Beli Kamera Berdasarkan Kebutuhan Bukan Keinginan

Beli Kamera Berdasarkan Kebutuhan Bukan Keinginan

Manusia itu makhluk yang tidak pernah puas. Keinginannya hampir tanpa batas. Contoh sederhananya, sudah punya istri cantik, sexy, dan baik, tetap saja seorang pria kerap melirik SPG cantik di ajang pameran. Kaum wanita pun sama, sudah punya satu tas Hermes, tetap saja keinginan untuk memiliki Louis Vuitton akan hadir di hati. Apalagi di zaman sekarang dimana godaan iklan komersial hadir hampir tiap detik, dimanapun.

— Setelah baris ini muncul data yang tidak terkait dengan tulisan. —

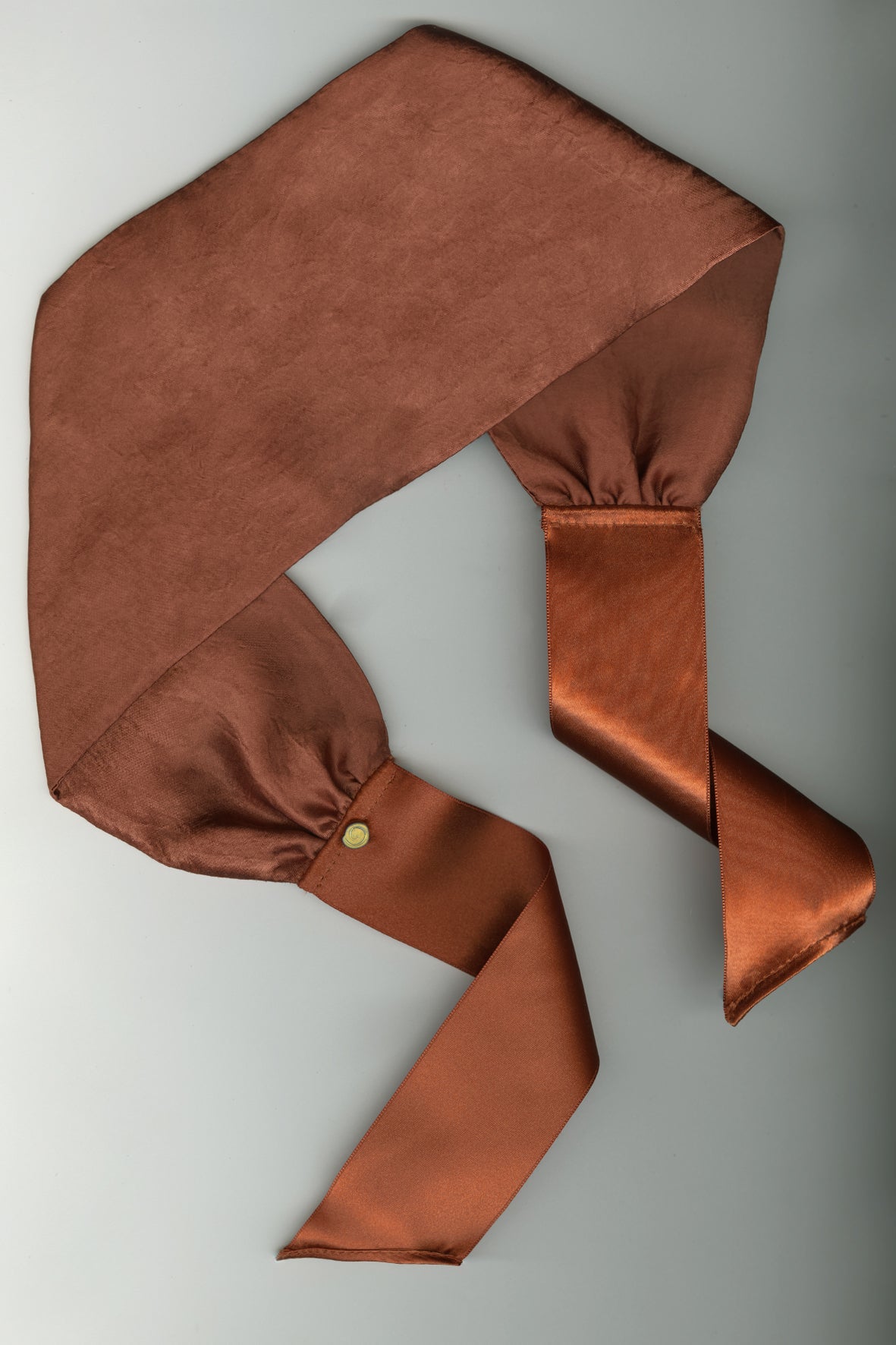 Crafted in Paris, this silky rust coloured headband is delicately gathered onto a smooth satin ribbon, offering both comfort and adjustability.

Kalau semua dituruti ya berabe. Bisa banyak masalah yang timbul. Pepatah orangtua adalah “sesuatu yang berlebihan itu tidak baik”. Yang sudah punya istri satu, kemudian ingin 2,3, atau empat akan menghadapi banyak masalah karena menuruti keinginannya karena baik dan buruk adalah dua sisi mata uang, yang akan selalu hadir bersamaan.

Begitu juga dalam dunia fotografi. Iklan dan review berbagai jenis kamera akan menghadirkan hasrat untuk membelinya. Apalagi kalau mendengar kata Full Frame atau Mirrorless, yang mengusung teknologi yang lebih canggih, pastilah hadir rasa kepingin yang kuat di dalam hati. Sesuatu yang memang diinginkan oleh para penjual.

Masalahnya, mampukah kita terus berusaha memenuhi hasrat itu terus menerus. Tentunya tidak. Bagaimanapun kemampuan manusia itu ada batasnya. Anggaplah, memang Anda seseorang yang memiliki uang “tidak berseri” saking banyaknya, dan harga kamera berapapun dalam jumlah berapapun, mampu Anda beli, tetapi pada saat memotret berapa kamera yang bisa digunakan? Jawabnya ya cuma satu. Itulah kapasitas kedua tangan manusia.

Begitu juga dengan teknologi kamera yang sering dijadikan alat pemikat. Saat baru keluar, sebuah kamera akan menjadi lebih “canggih” dari kamera sebelumnya, dan kemudian kita beli. Berapa lama predikat lebih canggih itu akan bertahan? Tidak lama.

Pada masa sekarang, produsen kamera sangat cerdik. Mereka akan mengeluarkan kamera dengan tambahan satu dua fitur setiap 2-3 tahun sekali dan membuat sebuah teknologi terlihat “kuno” hanya dalam waktu sebentar saja. Kalau harus menuruti keinginan untuk menjadi yang tercanggih, maka perlu biaya sangat besar untuk terus mengikuti trend yang sengaja dibuat para produsen.

Padahal, dunia fotografi bukanlah sebuah dunia yang mengandalkan pada teknologi terbaru. Dunia ini justru berpusat pada si pemegang kamera, bukan kameranya. Seorang fotografer kawakan diberi smartphone sekalipun ia akan bisa menghasilkan foto yang enak dilihat, sebaliknya seorang yang tidak tahu cara menggunakan kamera diberi kamera Mirrorless terbaru pun, hasil fotonya bisa saja membuat sepet mata.

Jadi, mengapa harus membeli kamera berdasarkan keinginan? Hal itu akan menghadirkan konsekuensi buruk bagi kehidupan. Apapun yang menuruti hasrat dan nafsu saja biasanya akan berujung buruk.

Begitupun dalam hal ini. Belilah kamera sesuai kebutuhan dan jangan keinginan.

Jika Anda hanya butuh untuk menyalurkan hobi , memotret keluarga dan teman-teman, tidak perlu membeli kamera seharga 200 juta. Bahkan, sebuah Canon DSLR 1300D saja sudah lebih dari cukup, kalau mau lebih jauh lagi sebuah smartphone juga tidak masalah, selama Anda tahu menggunakannya.

Kecuali, jika memang bidang pekerjaan atau profesi Anda memerlukannya, seperti fotografer pernikahan. Mau tidak mau kamera dan assesori-nya perlu dicarikan yang terbaik yang mampu diberi karena berkaitan dengan pencarian nafkah. Dalam hal ini kamera adalah modal utama. Jadi, suka atau tidak suka harus dibeli dan dipersiapkan untuk menghasilkan foto yang maksimal.

Jadi, beli kamera sesuai dengan kebutuhan. Jangan hanya menuruti keinginan manusia yang tanpa batas itu.